Talvez o melhor exemplo seja a história do lançamento da exposição Atlas nº2, a exposição coletiva da galeria. O evento que aconteceu junto com as demais inicitivas

da casa, reuniu aproximadamente 400 pessoas dentro e fora da casa. “Estava muito cheio, tu não conseguia caminhar”, relata Chico. “A gente tirou a mesa do Atelier da Letícia e fez uma pista de dança onde tu não conseguia se mexer, tu passava com um ombro encostando no ombro das outras pessoas”, conta, ressaltando que ficaram tantas pessoas do lado de fora da casa que a rua ficou fechada. Isso resultou na visita da polícia, chamada pela vizinhança (a galeria fica em um bairro residencial). Apesar dos problemas, Chico encara a experiência como saldo positivo. “Acho que é isso, quando há essa troca, a gente consegue trazer mais gente”, destaca.

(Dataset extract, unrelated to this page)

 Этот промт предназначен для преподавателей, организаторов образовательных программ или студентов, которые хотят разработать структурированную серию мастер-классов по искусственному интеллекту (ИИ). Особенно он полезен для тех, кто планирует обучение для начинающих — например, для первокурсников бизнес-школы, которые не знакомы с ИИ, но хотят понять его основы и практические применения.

Figura 22 – Evento de lançamento da exposição Atlas nº2

Fonte: Arquivo Galeria Prego

Um ponto importante a ser colocado é que todas as iniciativas estudadas, de alguma forma, buscam força na coletividade, seja ela interna ou externa ao espaço deles. O Ateliê 1 é uma associação; o Acervo Independente se entendia como uma casa colaborativa; a Paxart se apresenta externamente como uma empresa, mas internamente se entende como um coletivo; o Planta Baja desde o início foi um espaço de atelieres compartilhados; o Linha também tem como meta esse compartilhamento de atelieres e parece caminhar também para uma gestão com o mesmo perfil; e a Galeria Prego, embora a princípio pertença a Chico Soll, ela conta com o apoio fundamental de todas as outras iniciativas que mantém a casa que a abriga.

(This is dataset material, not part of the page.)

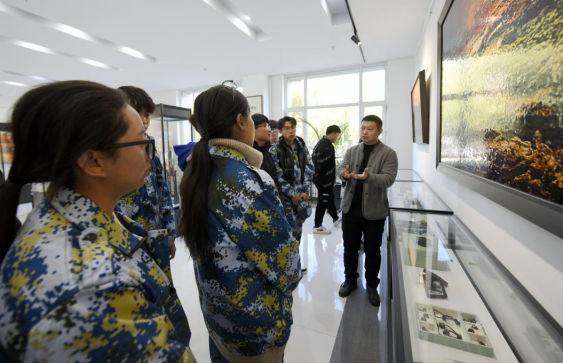 肖禹蓁教授首先带领学生参观漆画展,然后结合自己的成长经历作了题为《“守正创新”漆艺的地域性发展》的报告。通过这场主题活动,不仅带领学生领略了漆画艺术之美,更结合其中蕴含的民族传统文化,深入挖掘促进民族团结进步的元素,呈现了一堂生动的“美育+思政”课,激励学生努力学习、勤奋工作、成长成才。

Durante a entrevista, depois de ressaltar a necessidade de interagir com outras instituições autônomas, Chico lançou a seguinte reflexão: “pensando na nossa conversa agora, se essas outras iniciativas da matéria escura se articularem de uma maneira mais clara, talvez elas ganhem mais força, mais visibilidade”. Meses depois dessa entrevista, quando o texto desta dissertação estava quase pronto, tive a grata surpresa de descobrir que essa ideia trazida por Chico estava em execução. No dia 28 de setembro de 2019 aconteceu o lançamento do Pólvora, iniciativa de espaços autônomos de arte “para a instauração de uma rede ativa local voltada à articulação de proposições comuns” no qual Chico e mais dois espaços (Casa Baka e Bronze Residência) estavam a frente. A proposta se apresentou com o seguinte texto:

(Pólvora) Nasce do desejo de estarmos juntes, entendendo que para nossa existência e continuidade é preciso nos apoiarmos mutuamente e estarmos ainda mais próximes, uma vez que operamos com demandas e questões de sustentabilidade parecidas. Pólvora é também uma forma de afirmação da nossa existência independente e de nossa relevância no circuito contempo-râneo, e um chamado para que instituições e indivíduos integrem essa luta conosco. PÓLVORA é explosão, emergência, políticas do comum, lugar de fala e escuta. PÓLVORA é espaço de convívio, é prática de conversa, é fazer junto agora. É pensar saídas para o momento atual e a sobrevivência de iniciativas autônomas2

Figura 23 – Primeira reunião do Pólvora, realizada no espaço Linha

Fonte: arquivo pessoal da autora

O movimento que dá origem ao Pólvora é um exemplo claro de artistas que abraçam sua redundância através de ações com características de inovação social e

2 Pólvora | circuito dos espaços autônomos de arte - https://www.facebook.com/events/534057313802 319/ (acessado em 30/09/2019)

econômica, na medida em que buscam soluções propondo novas orientações culturais. Se esta pesquisa começasse agora, talvez fosse o Pólvora o objeto da investigação.